Your data can also tell you a lot about your brand’s first impressions on a new customer. While your loyal audience knows what they like and are willing to trust your brand, new shoppers may be more tentative. It’s actually common for newer shoppers to buy fairly basic items (eg. a plain tee) as a low-expense test of a brand’s quality, before purchasing more expensive and elaborate pieces. Understanding the difference between how your new and old customer shop can inform your team as to the best way to market and cater to each group.

For example, how do your retail KPIs like Units Per Transaction (UPT) or Average Order Value (AOV) compare for new and old shoppers? Your analytics suite should tell you what to expect for each group. Or do your newer shoppers use promos and discounts more than your legacy shoppers? If so, then your team can prioritize promotions geared toward first-timers to get more foot traffic into your stores.

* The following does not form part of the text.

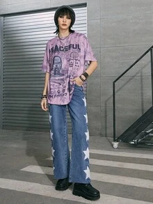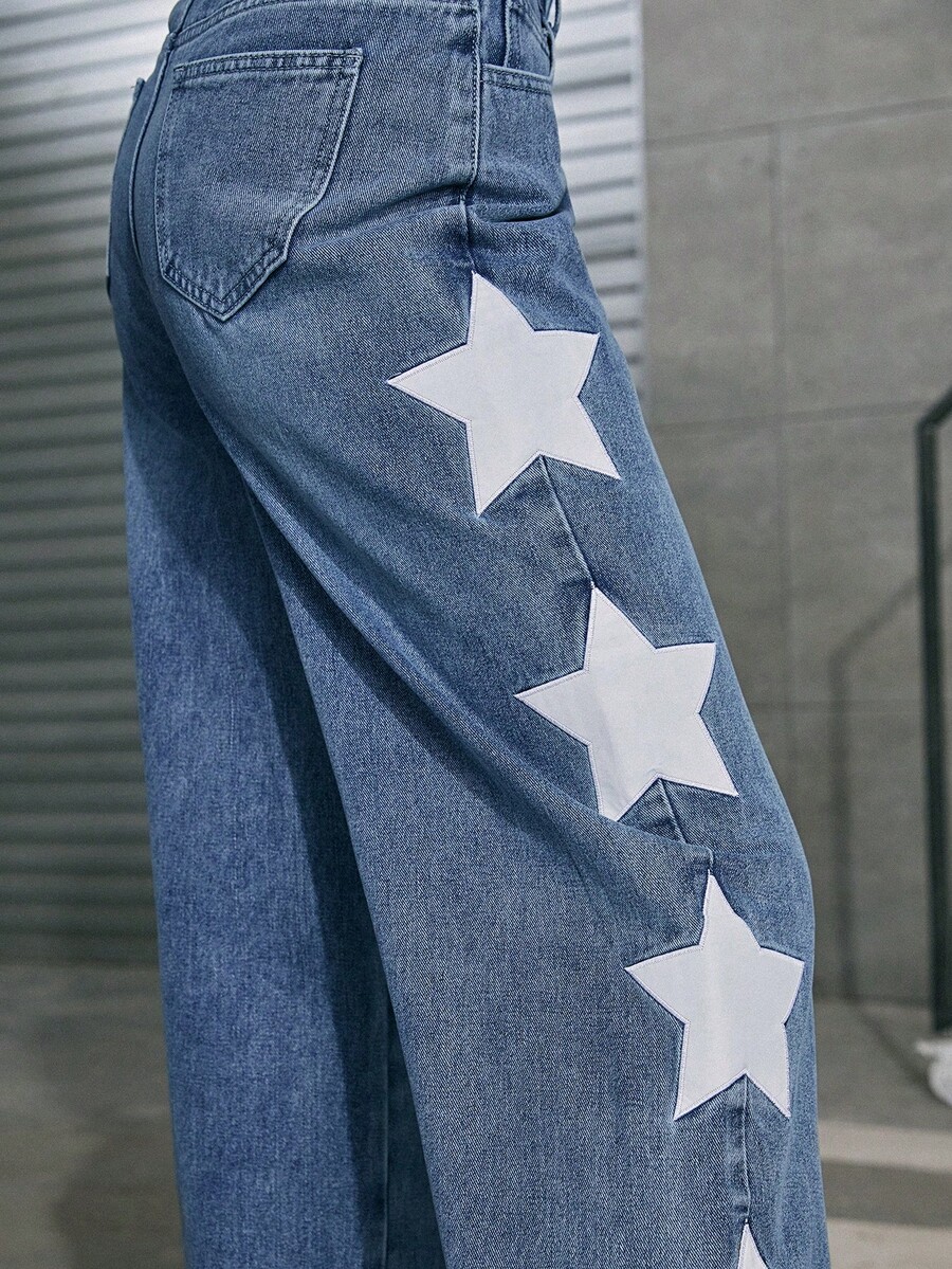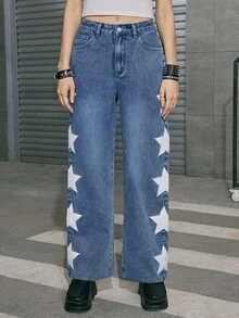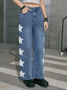 Street Life Star Print Straight Leg Jeans

Leverage your data to offer better service and a better experience depending on a customer’s history with your brand.

Tracking Items Per Transaction: The Art of the Bundle

Remember the genius of the Happy Meal? McDonald’s knew that bundling a burger, fries, and a toy would make kids (and parents) flock to their counters (don’t look up how much one costs today though). In retail, understanding the average number of items per transaction can help you craft your own version of this idea into an ROI-laden bundle, boosting sales and customer satisfaction in one fell swoop.

If your data shows that customers frequently buy certain items together, you’ve struck gold. This data analysis should lead to you creating bundled offers that provide a slight discount for purchasing these items together. It’s a win-win: customers feel like they’re getting a deal, and you move more product. Plus, it’s a great way to introduce customers to products they might not have considered. Bundling strategies can turn a casual shopper into a loyal fan, all because you made their shopping experience just a little bit easier and more rewarding.

Tracking Multi-Location Shopping: Building a Complete Customer Profile

In the age of ecommerce and instant gratification, customers have been conditioned to shop across multiple platforms and locations. They might browse online, check out reviews on their phone, and then pop into a physical store to make a purchase. It’s like they’re living in a retail multiverse, and you need to track their journey across all these dimensions.

Aggregating shopping data from various locations and platforms helps you build a complete customer profile, no matter where and how they shop. This holistic view allows you to provide a seamless shopping experience, whether your customer is online, in-store, or on the go.

Imagine knowing that a customer bought a pair of shoes online and then suggesting a matching handbag the next time they visit a store. By understanding the full spectrum of their shopping behavior, you can tailor your marketing and sales strategies to meet their needs at every touchpoint, ensuring they always feel recognized and valued.


Retail success today hinges on the ability to understand and predict shopper behavior. By leveraging advanced retail analytics, brands can gain critical insights that drive smarter decisions and better customer experiences. From your data, your retail strategy will evolve to meet and exceed customer expectations, soon turning every shopping experience into a success story.